PROBLEM: Within the records that follow, restate exactly the lines from the line with "New Old Stock" down to the line with "Lay earthen mortar, and", including both. Omit the pictures.

##### DATA LISTING #####

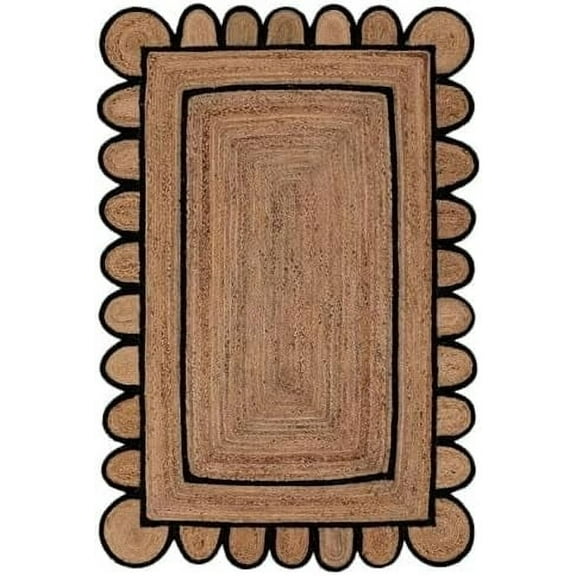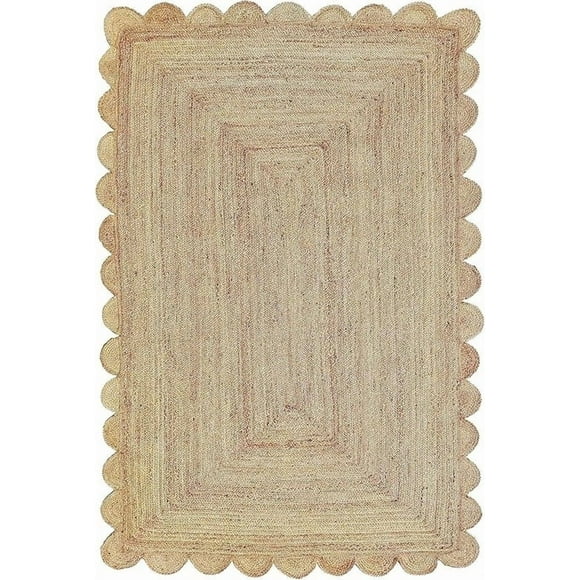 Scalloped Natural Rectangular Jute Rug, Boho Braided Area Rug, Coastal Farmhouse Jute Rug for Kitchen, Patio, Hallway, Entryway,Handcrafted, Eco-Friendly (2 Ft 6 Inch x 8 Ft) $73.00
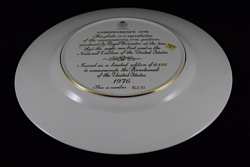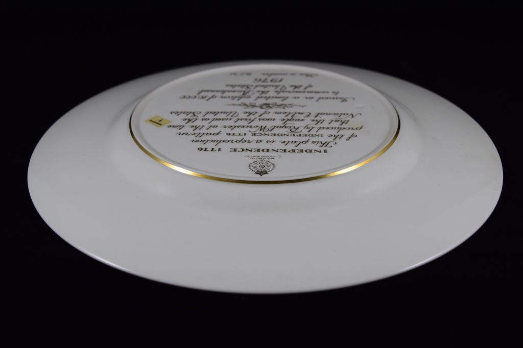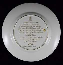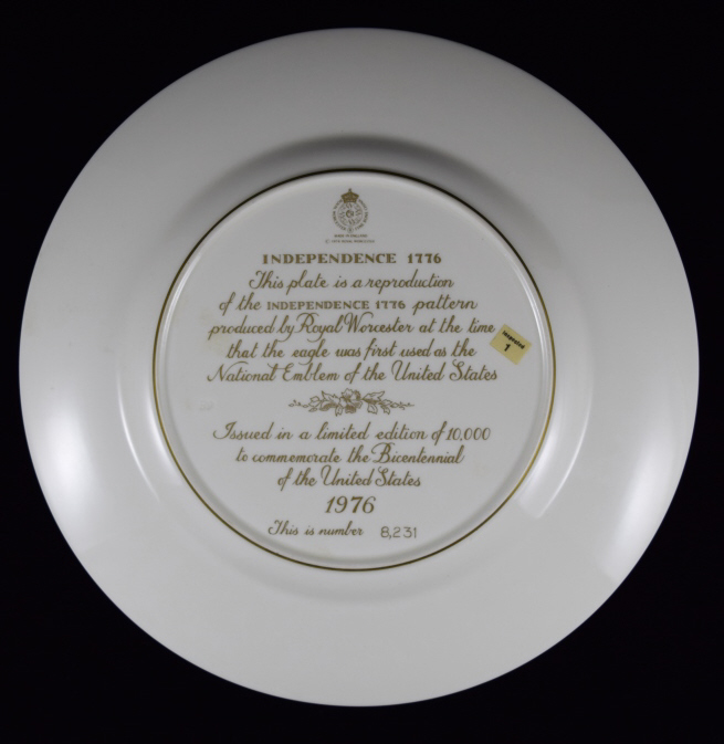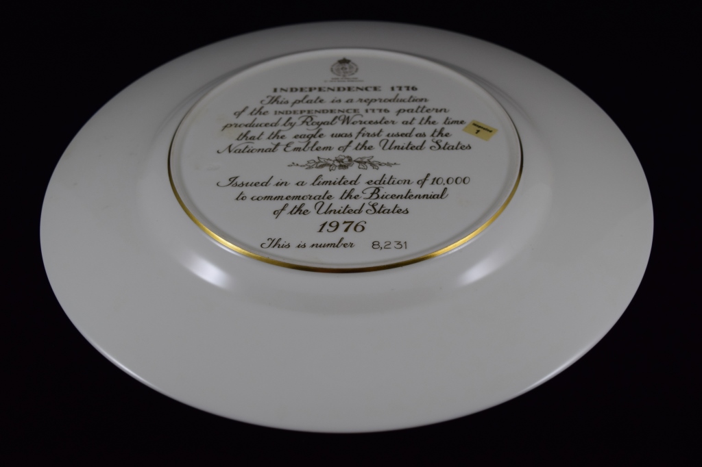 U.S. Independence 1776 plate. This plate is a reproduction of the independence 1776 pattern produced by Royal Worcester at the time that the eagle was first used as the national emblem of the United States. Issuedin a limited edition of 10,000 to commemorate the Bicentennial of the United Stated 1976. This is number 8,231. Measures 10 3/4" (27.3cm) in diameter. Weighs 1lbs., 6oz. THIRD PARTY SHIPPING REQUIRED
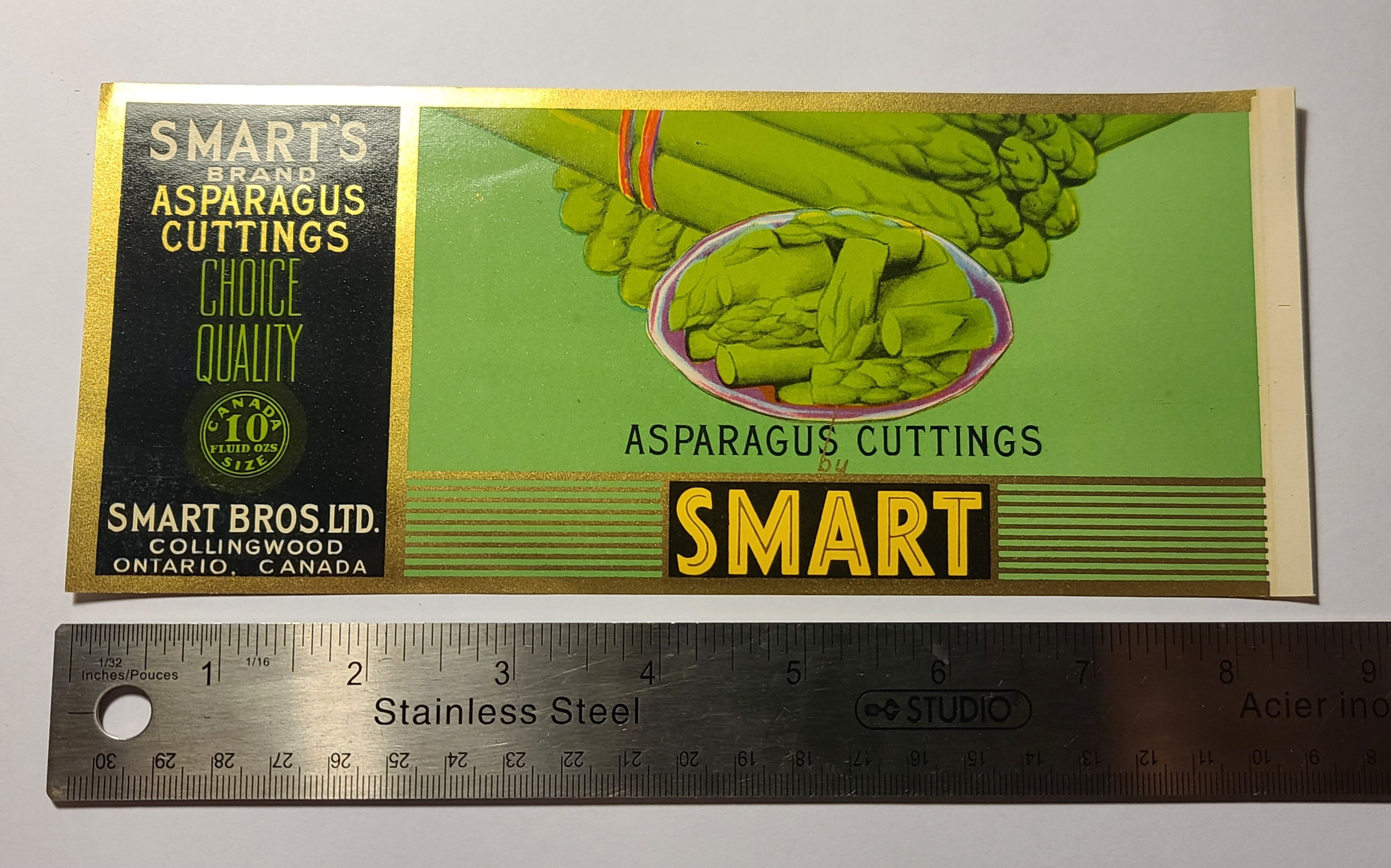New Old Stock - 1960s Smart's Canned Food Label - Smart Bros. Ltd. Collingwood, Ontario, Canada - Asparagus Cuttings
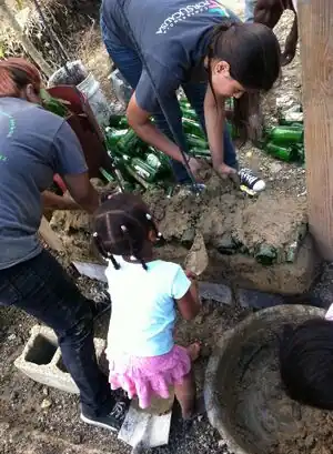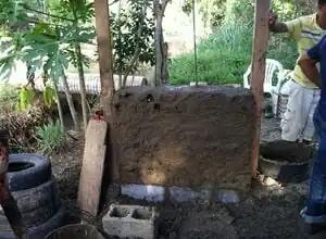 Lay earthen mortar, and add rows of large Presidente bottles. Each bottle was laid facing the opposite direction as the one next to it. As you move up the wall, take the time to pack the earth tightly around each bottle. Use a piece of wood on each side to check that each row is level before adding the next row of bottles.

#####
##### DATA LISTING #####

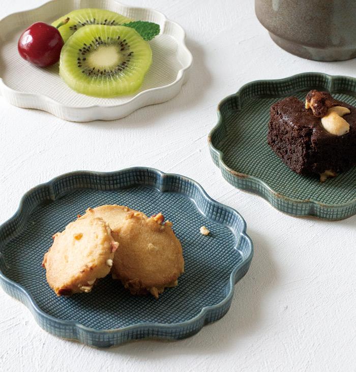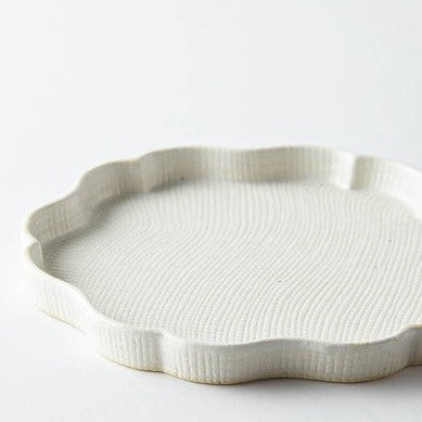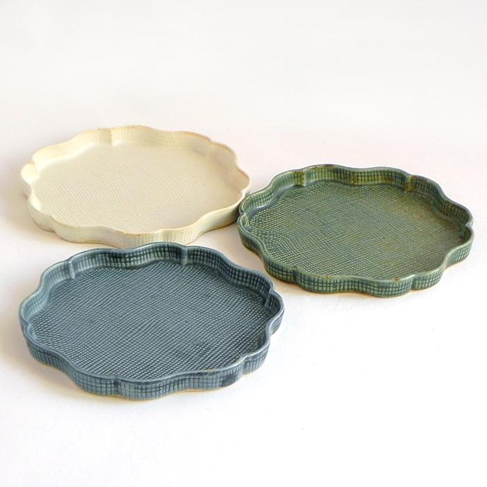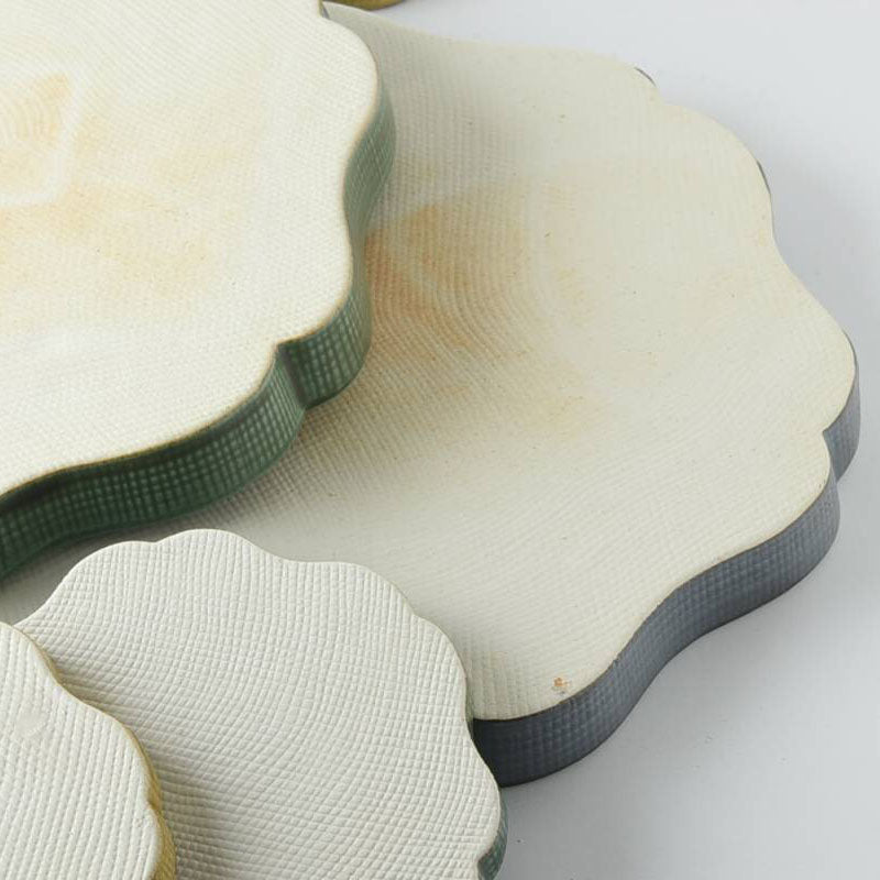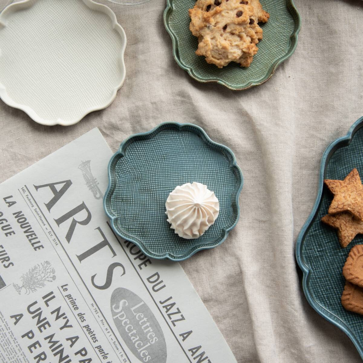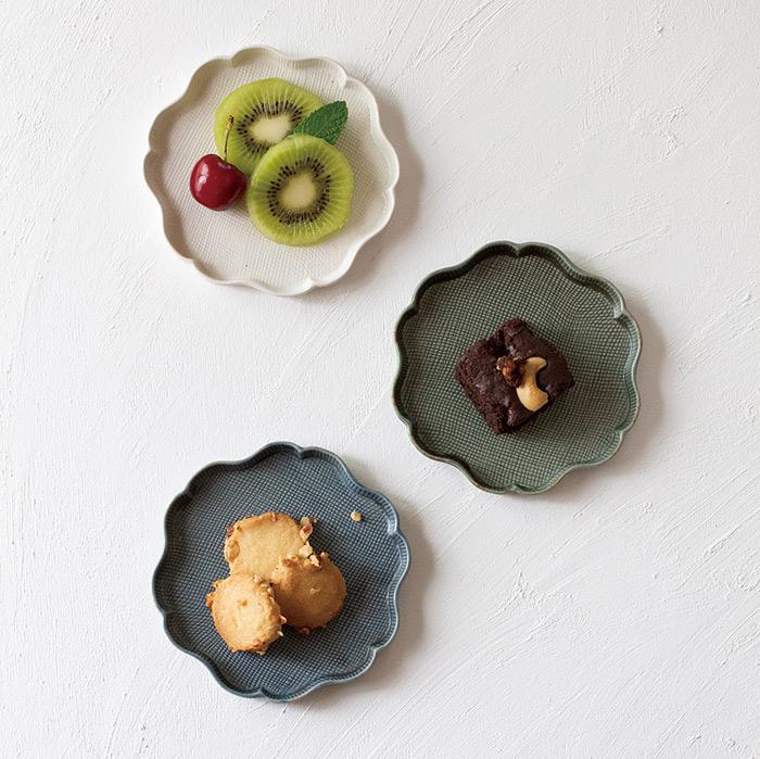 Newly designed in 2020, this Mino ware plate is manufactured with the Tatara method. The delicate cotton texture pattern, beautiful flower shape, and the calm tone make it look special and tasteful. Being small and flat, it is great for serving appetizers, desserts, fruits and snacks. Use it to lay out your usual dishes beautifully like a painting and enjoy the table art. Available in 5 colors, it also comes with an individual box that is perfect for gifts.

#####

WRITTEN SOLUTION:
New Old Stock - 1960s Smart's Canned Food Label - Smart Bros. Ltd. Collingwood, Ontario, Canada - Asparagus Cuttings
 Lay earthen mortar, and add rows of large Presidente bottles. Each bottle was laid facing the opposite direction as the one next to it. As you move up the wall, take the time to pack the earth tightly around each bottle. Use a piece of wood on each side to check that each row is level before adding the next row of bottles.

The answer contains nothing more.